Least Squares Criterion and Normal Equations

In our model, making a prediction for the response variable corresponds implies making predictions for the coefficients $\beta$. What criterion should we use to determine the optimal coefficients? In ordinary least squares (OLS) regression, we simply use the sum of squared residuals as the loss function as the function to be minimized.
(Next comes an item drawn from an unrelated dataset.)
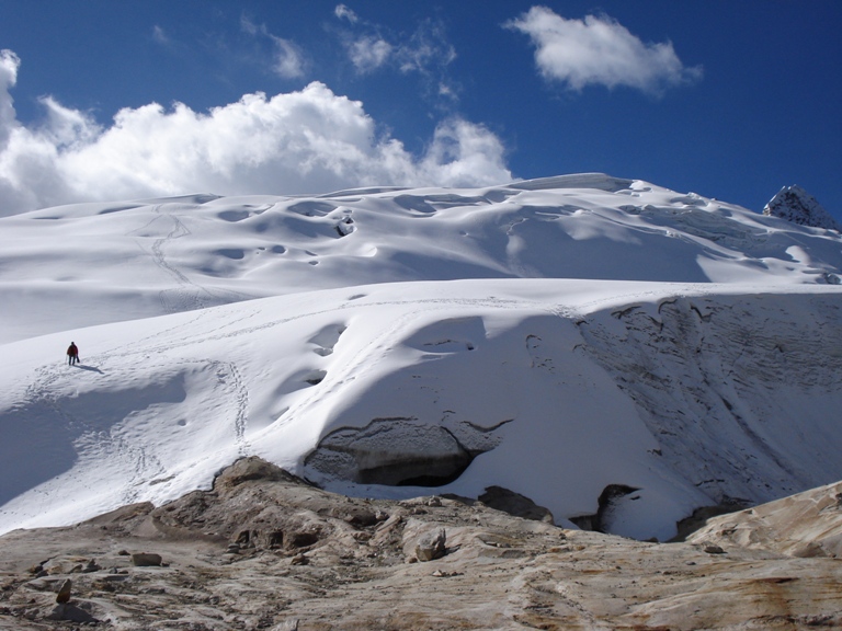 5to día.- Campo Morrena (5000m) – Cumbre Vallunaraju (5686m) – Q. Llanca – Huaraz.

Then the best fit coefficients $\vec{\beta} = [\beta_1,\beta_2, \dots, \beta_p]^T$ are those that minimizes the loss function:

\[\begin{align} \nonumber \hat{\vec{\beta}} &= \textrm{argmin}_{\vec{\beta}}\,\,L(\vec{\beta}),\\ &= \textrm{argmin}_{\vec{\beta}}\,\, (\vec{y} - {\bf X} \vec{\beta})^{T}(\vec{y} - {\bf X} \vec{\beta}). \label{lsc} \end{align}\]

The optimization problem is then solved by setting the first derivative of the loss function w.r.t the coefficients $\vec{\beta}$ zero

\[\begin{equation}\label{lfd} \frac{\partial L(\vec{\beta})}{\partial \vec{\beta}} = - 2 {\bf X}^{T} \left(\vec{y} - {\bf X} \vec{\beta}\right) \quad \Longrightarrow \quad {\bf X}^{T} \left(\vec{y} - {\bf X} \vec{\beta}\right) = 0. \end{equation}\]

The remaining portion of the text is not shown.